PROBLEM STATEMENT = Your copy of the entries below should hold exactly the lines from the one containing "8' X 11' Denim" to the one containing "Bottle Green Gadwal Tissue Silk Saree", inclusive, and no pictures.

[Opening LISTED ENTRIES section]

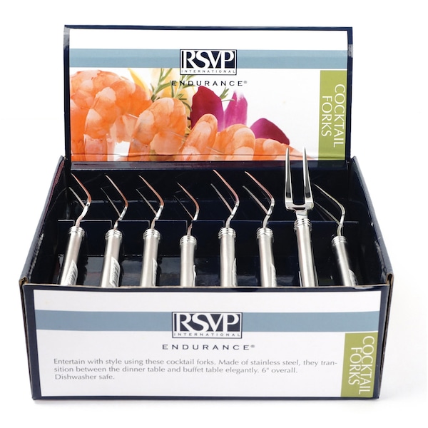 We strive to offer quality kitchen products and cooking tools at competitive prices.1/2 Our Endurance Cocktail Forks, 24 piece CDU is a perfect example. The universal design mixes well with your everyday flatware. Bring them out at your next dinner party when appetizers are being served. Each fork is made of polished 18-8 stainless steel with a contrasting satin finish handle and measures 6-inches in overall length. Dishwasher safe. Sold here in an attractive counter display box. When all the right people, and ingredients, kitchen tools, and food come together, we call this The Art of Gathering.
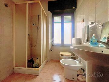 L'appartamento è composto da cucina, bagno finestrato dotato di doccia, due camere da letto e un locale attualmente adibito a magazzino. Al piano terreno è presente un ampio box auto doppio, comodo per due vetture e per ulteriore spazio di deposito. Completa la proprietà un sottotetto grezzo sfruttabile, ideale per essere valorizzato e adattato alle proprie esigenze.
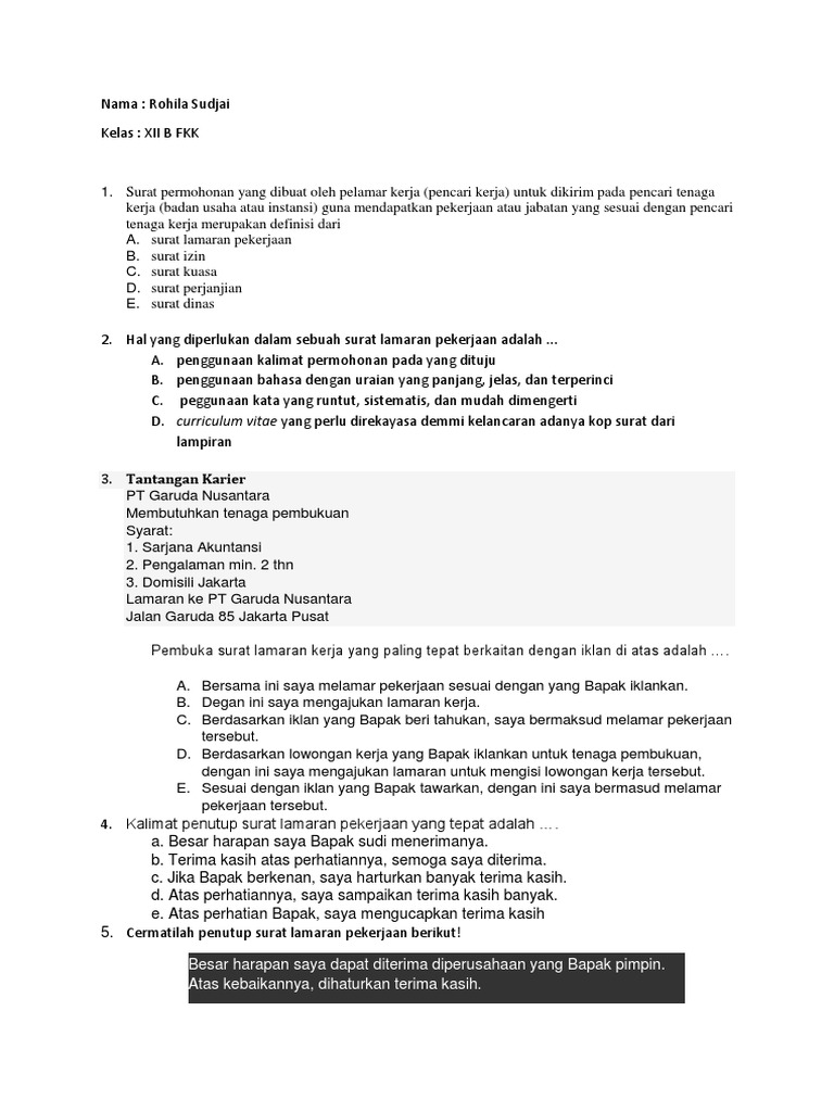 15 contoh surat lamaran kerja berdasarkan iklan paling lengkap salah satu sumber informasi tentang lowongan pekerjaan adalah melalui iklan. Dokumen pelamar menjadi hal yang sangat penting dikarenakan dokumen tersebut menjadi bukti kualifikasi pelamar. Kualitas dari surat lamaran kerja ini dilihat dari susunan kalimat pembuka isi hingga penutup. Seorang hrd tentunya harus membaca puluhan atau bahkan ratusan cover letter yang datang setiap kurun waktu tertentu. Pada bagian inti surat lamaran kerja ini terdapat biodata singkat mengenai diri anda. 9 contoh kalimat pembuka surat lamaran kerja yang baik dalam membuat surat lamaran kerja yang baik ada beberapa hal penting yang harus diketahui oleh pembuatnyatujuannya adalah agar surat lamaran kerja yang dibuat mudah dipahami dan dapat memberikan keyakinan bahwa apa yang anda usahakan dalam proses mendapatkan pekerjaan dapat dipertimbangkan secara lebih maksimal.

[Closing LISTED ENTRIES section]
[Opening LISTED ENTRIES section]

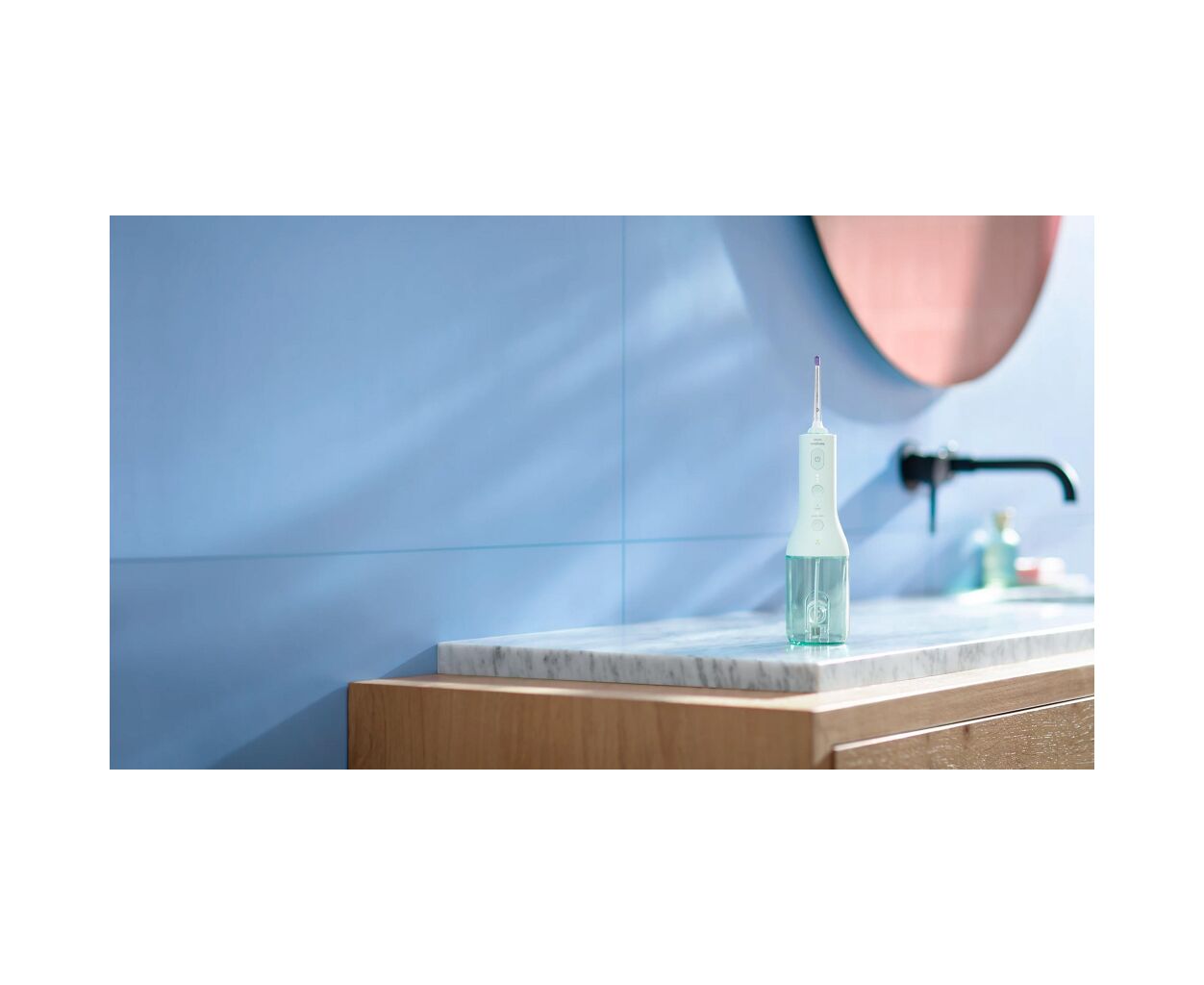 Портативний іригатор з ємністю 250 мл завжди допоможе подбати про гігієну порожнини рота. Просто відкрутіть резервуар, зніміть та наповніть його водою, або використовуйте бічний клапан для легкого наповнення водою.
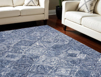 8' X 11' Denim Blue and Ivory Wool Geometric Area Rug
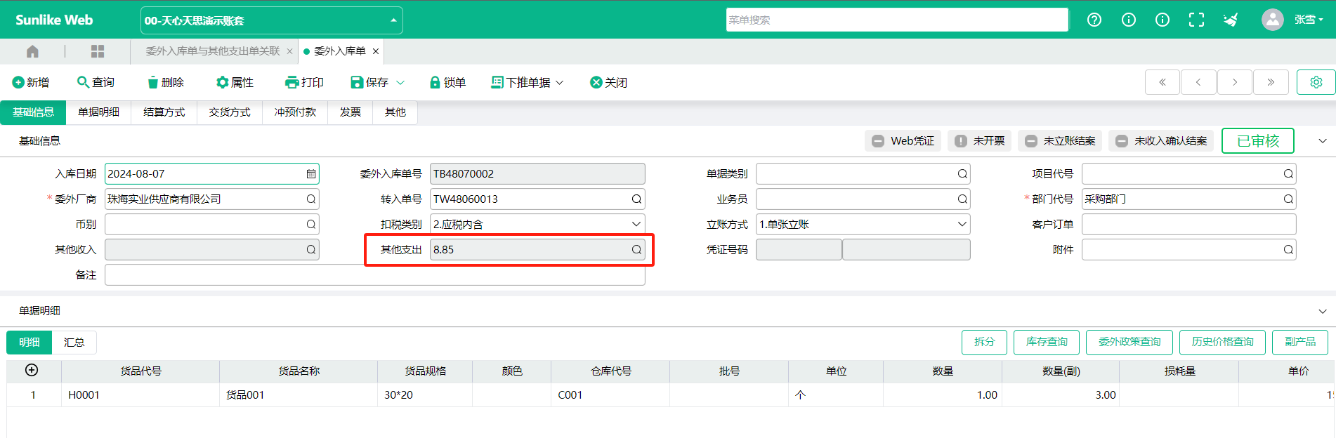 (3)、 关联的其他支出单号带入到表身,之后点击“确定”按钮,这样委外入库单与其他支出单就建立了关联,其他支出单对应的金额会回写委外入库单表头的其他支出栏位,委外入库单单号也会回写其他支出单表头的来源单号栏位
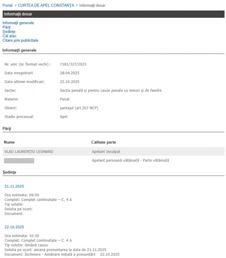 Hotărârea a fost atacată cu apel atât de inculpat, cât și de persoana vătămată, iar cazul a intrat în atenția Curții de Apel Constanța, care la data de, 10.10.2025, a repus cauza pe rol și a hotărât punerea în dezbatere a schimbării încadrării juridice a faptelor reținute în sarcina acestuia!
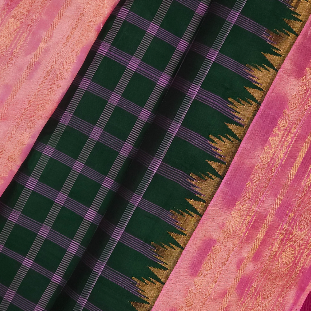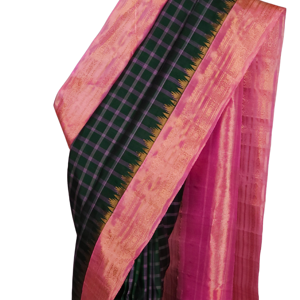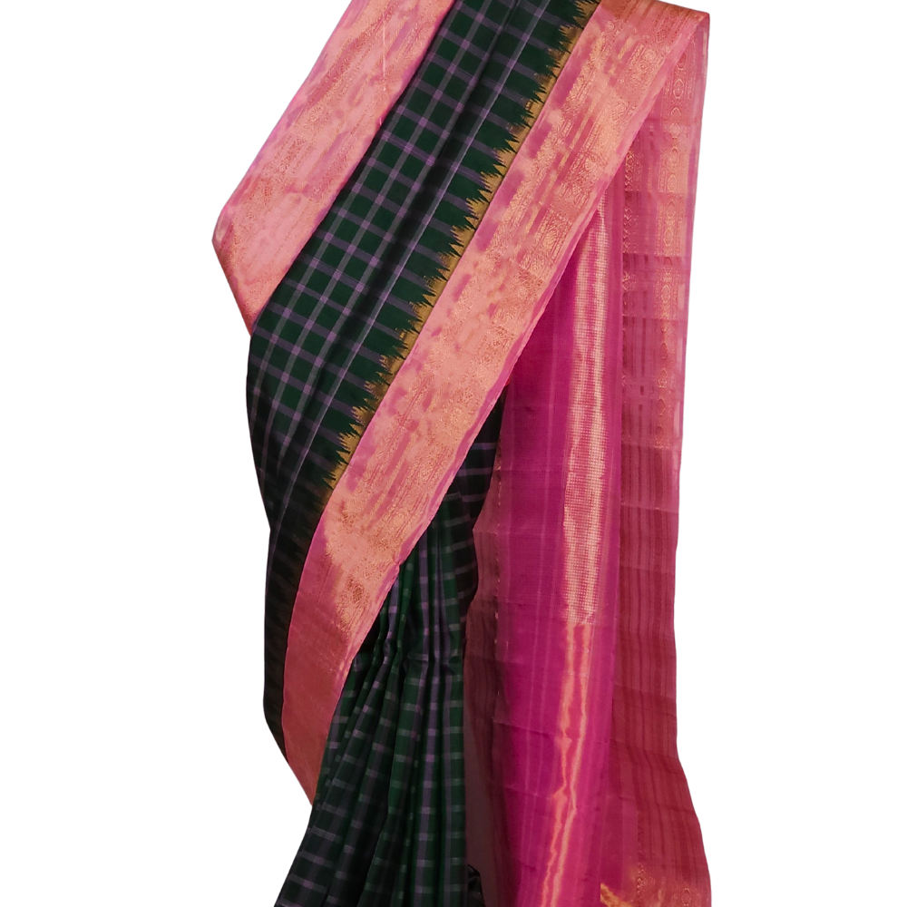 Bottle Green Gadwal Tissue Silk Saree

[Closing LISTED ENTRIES section]

FINAL ANSWER =
 8' X 11' Denim Blue and Ivory Wool Geometric Area Rug
 (3)、 关联的其他支出单号带入到表身,之后点击“确定”按钮,这样委外入库单与其他支出单就建立了关联,其他支出单对应的金额会回写委外入库单表头的其他支出栏位,委外入库单单号也会回写其他支出单表头的来源单号栏位
 Hotărârea a fost atacată cu apel atât de inculpat, cât și de persoana vătămată, iar cazul a intrat în atenția Curții de Apel Constanța, care la data de, 10.10.2025, a repus cauza pe rol și a hotărât punerea în dezbatere a schimbării încadrării juridice a faptelor reținute în sarcina acestuia!
 Bottle Green Gadwal Tissue Silk Saree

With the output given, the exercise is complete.